The Smurfs: A Flickcharter’s Movie Review
When I first heard that The Smurfs was being made, I was amused. When I first learned that it was going to bring them into our world, I was disinterested. When I was offered free passes to see it, I decided the price was right and rolled the dice on it. Sitting behind us was a family with a little girl who agreed to tell me what she thought of it when it was over, because I suspect most people reading a review of The Smurfs are just as interested in knowing whether their kids will enjoy it as they are in learning if they as adults can endure it. I’m pleased to report that I think both segments of viewers should find their expectations met and maybe even exceeded.
The story is admittedly rather straightforward and simple: Gargamel (Hank Azaria) pursues the Smurfs through a hole (“vortex” as Brainy Smurf reminds us) into New York City. There, the Smurfs encounter Patrick (Neil Patrick Harris), an advertising designer under the gun to create a campaign for a cosmetics company. Patrick and his wife Grace (the adorable Jayma Mays) are expecting the birth of their first child, which can be a testing period for anyone—much less a couple harboring six Smurfs. The theme of fatherhood plays throughout the film as Patrick learns from Papa Smurf (voiced by Jonathan Winters) what it means to have others depending on you.

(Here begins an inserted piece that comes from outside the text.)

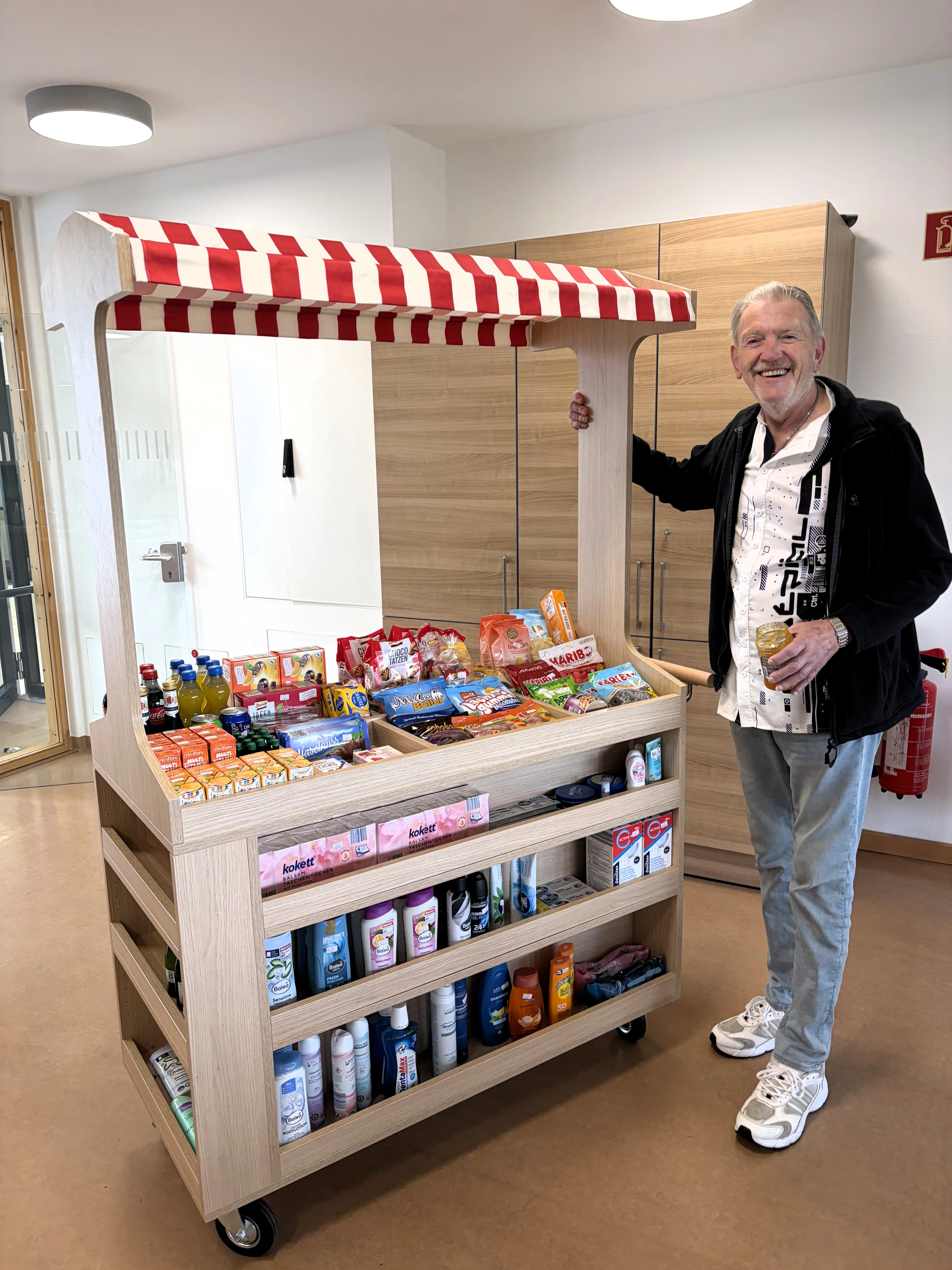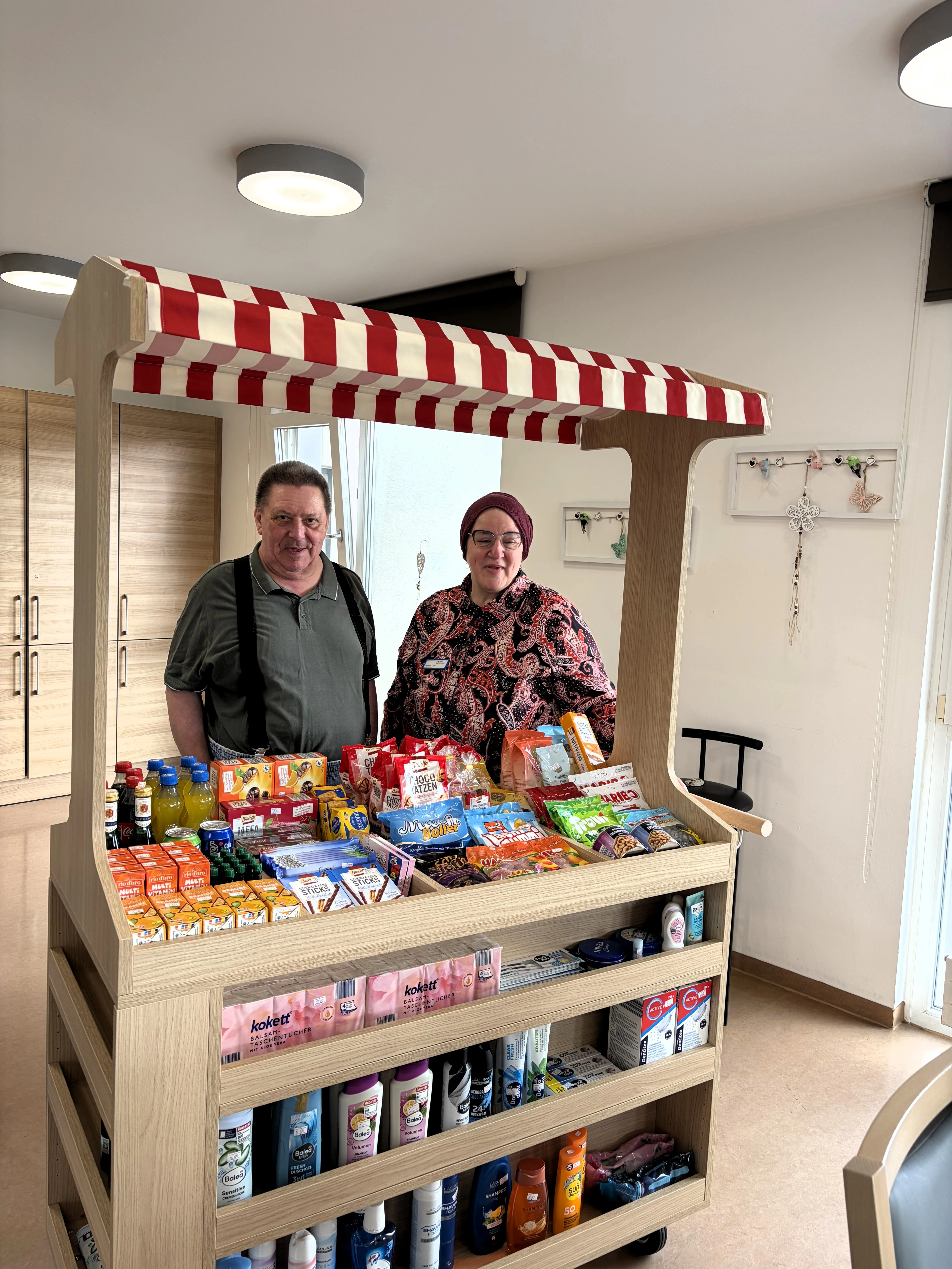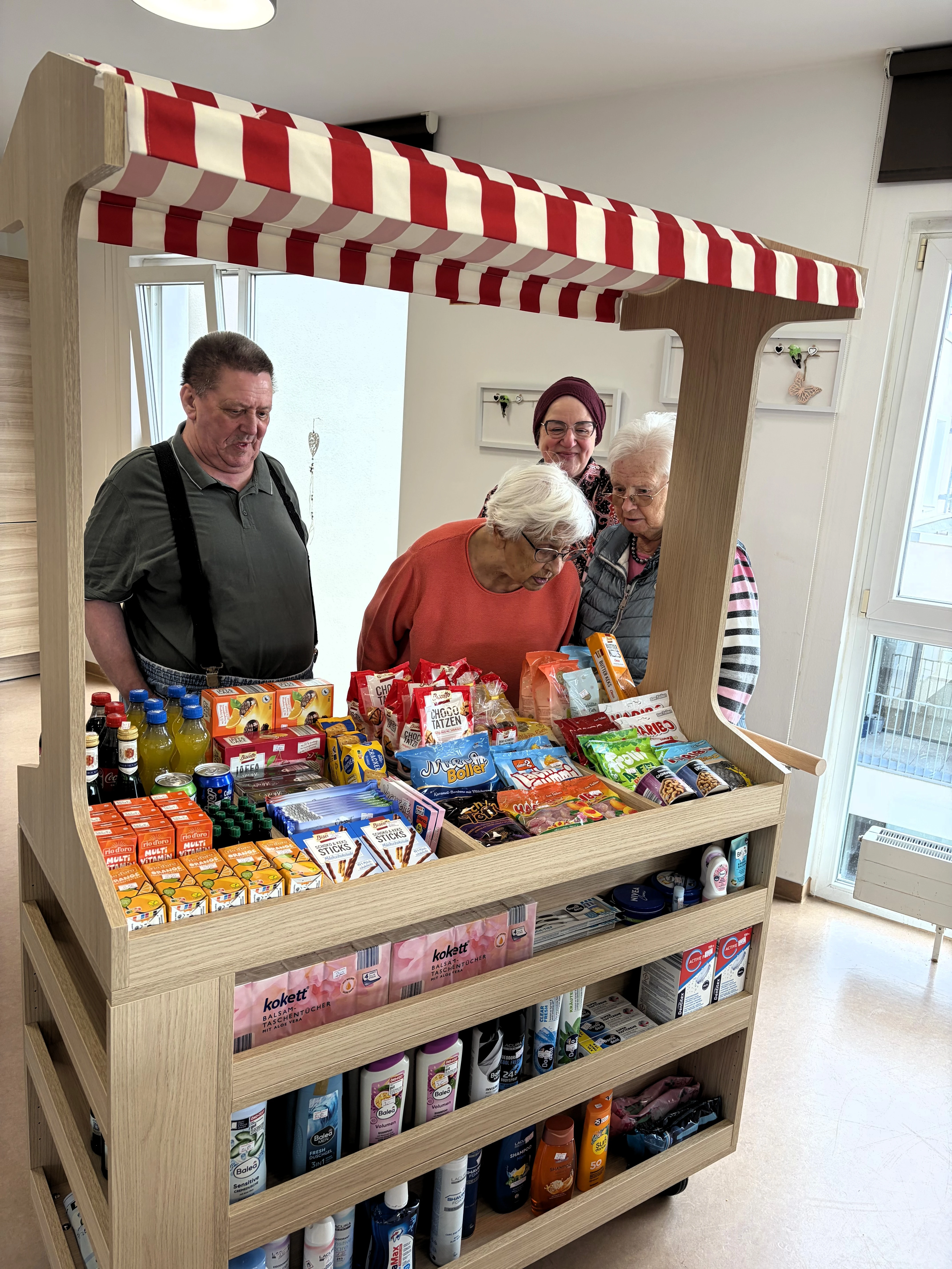 Mit dem attraktiv bestückten Kioskwagen besuchten wir unsere Bewohnerinnen und Bewohner direkt in den Wohnküchen und auf ihren Zimmern. An Bord waren erfrischende Getränke, Süßwaren und praktische Hygieneartikel. Eine bunte Auswahl, die auf große Zustimmung stieß.

Children in the audience seemed to get a kick out of the frequent action sequences (I estimate no ten-minute interval passes without one). The Smurfs has much less confidence in its target audience’s attention span than did last year’s Best Animated Feature winner, Toy Story 3. Adults, I suspect, would rather see movies where the emphasis is on story and character development as opposed to showcasing the capabilities of 3D technology. Of the Smurfs, I found Grumpy Smurf (voiced by George Lopez) the funniest. Lopez’s dialog consists largely of a complaining, derogatory commentary of what’s happening and he sounds less a part of the movie and more what you’d expect from a Mystery Science Theater 3000 commentary. Also, I give kudos to Katy Perry for voicing Smurfette as sweet, rather than as flirtatious or risqué.
There are no less than three toilet-centric gags, but before anyone turns up their nose at The Smurfs I’d like to point out this is the same stuff that propelled Bridesmaids to the top of the comedy heap earlier this year. If you reacted with laughter rather than indignation to Melissa McCarthy using a bathroom sink as a toilet, you shouldn’t be too bothered by Gargamel mistaking a wine bucket for that purpose in a restaurant. Despite these last few remarks, The Smurfs isn’t terribly crude and doesn’t try to see how many innuendoes it can flaunt. Most parents should not be embarrassed by anything in this movie.
The humor that appealed most to me, and I suspect most adults in the theater, was the stuff with Gargamel interacting with his cat Azrael (voiced by Frank Welker). Azaria is a master of cartoonish byplay and his performance is pitch-perfect for a story with the lighthearted tone of The Smurfs. Fans of Azaria will be quite entertained; it’s the funniest I’ve seen him in a movie since Mystery Men. His Gargamel channels Willem Dafoe’s performance as Max Shreck in Shadow of the Vampire, only Azaria was free to go farther over the top than was Dafoe.
One last complaint I have is that there are depictions of cartoon-style violence with real characters that I found uncomfortable to watch. Parents of impressionable young children should be particularly aware that there are several acts involving Azrael. I would hate for someone to find out the hard way that their child came home and tried to do those things to the family’s cat. If you’re uncomfortable with little Johnny and little Susie watching Wile E. Coyote fall off a cliff repeatedly, you may not want to take them to see The Smurfs.
When I asked the little girl sitting behind me whether she enjoyed it, she smiled and said, “Yes.” I got the same enthused response when I asked if she laughed, and whether she thought other little girls her age would like it. She seemed to know what she was talking about.
Your children aren’t going to really learn any values from The Smurfs, but if you’re comfortable with spending the time and money to indulge in some vapid humor-driven fun, it may be a more palatable offering at the theater than the rest of the offerings which skew toward older audiences demanding darker content.
For those wanting to know whether to see the 2D or 3D release, I actually recommend the 3D, because The Smurfs feels like an exhibition for that format. As previously mentioned, there’s something happening during every other scene that involves large action set pieces heavily reliant on 3D. I suspect that 2D audiences will be far less wowed by the action sequences, as they were clearly staged to be presented in 3D.
The Smurfs is currently ranked #962 out of 1,052 movies on my Flickchart.